每当我运行下面的代码时,我都会收到以下错误:
Unable to allocate 221. GiB for an array with shape (3324240, 17877) and data type float32.
代码的一般逻辑如下:我使用pandas从CSV文件加载无标点符号的文本。“重要”的词是那些在文本中出现频率足够高的词。编码器和解码器用于keras的seq2seq,两者都是文本的numpy数组,从CSV加载,以便模型可以在它们上进行训练。

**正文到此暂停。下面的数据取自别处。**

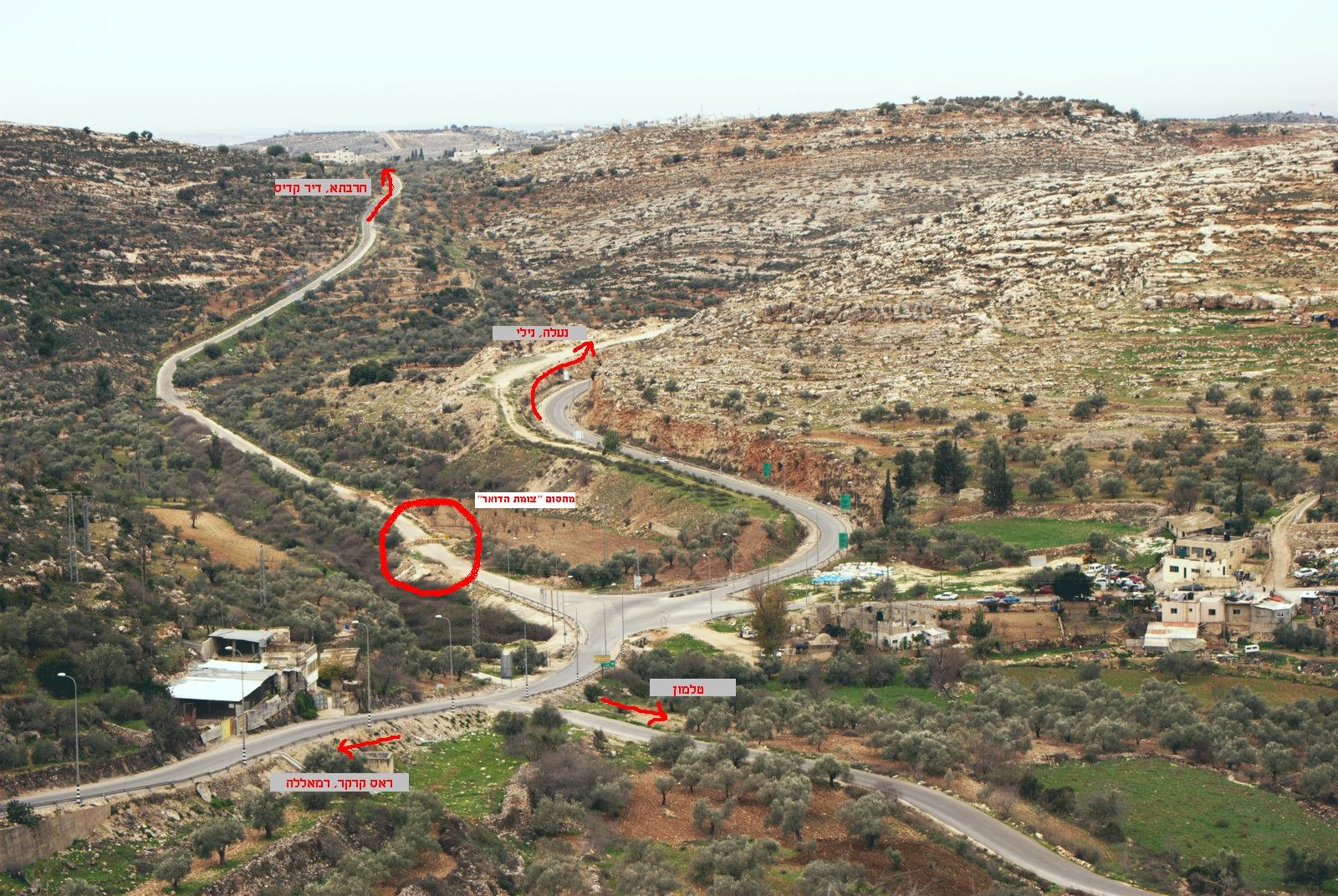 מפת אזור הכפר חרבתא - חסימת "צומת הדואר"

from tensorflow.python.keras.models import Model
from tensorflow.keras.layers import Dense, Embedding, Input, LSTM
from keras.utils import to_categorical
from keras.utils import pad_sequences
import pandas as pd
import numpy as np
word2count = {}
for _, line in df.iterrows():
for word in line['no_punc'].split():
if word not in word2count:
word2count[word] = 1
else:
word2count[word] += 1
important_word={}
thresh = 5
important_word['<PAD>'] = 0
word_id = 1
for key, value in word2count.items():
if value > thresh:
important_word[key] = word_id
word_id += 1
questions = {}
answers = {}
for q, ans in convo_line.items():
questions[q] = df.loc[q, 'no_punc']
answers[ans] = df.loc[ans, 'no_punc']
for key, value in answers.items():
answers[key] = '<SOS>' + value + '<EOS>'
tokens=['<EOS>', '<OUT>', '<SOS>']
x = len(important_word)
for t in tokens:
important_word[t] = x
x += 1
encoder_inp = []
for id, line in questions.items():
lst = []
for word in line.split():
if word not in important_word:
lst.append(important_word['<OUT>'])
else:
lst.append(important_word[word])
encoder_inp.append(lst)
decoder_inp = []
for id, line in answers.items():
lst=[]
for word in line.split():
if word not in important_word:
lst.append(important_word['<OUT>'])
else:
lst.append(important_word[word])
decoder_inp.append(lst)
encoder_inp = pad_sequences(encoder_inp, 15, padding='post', truncating='post')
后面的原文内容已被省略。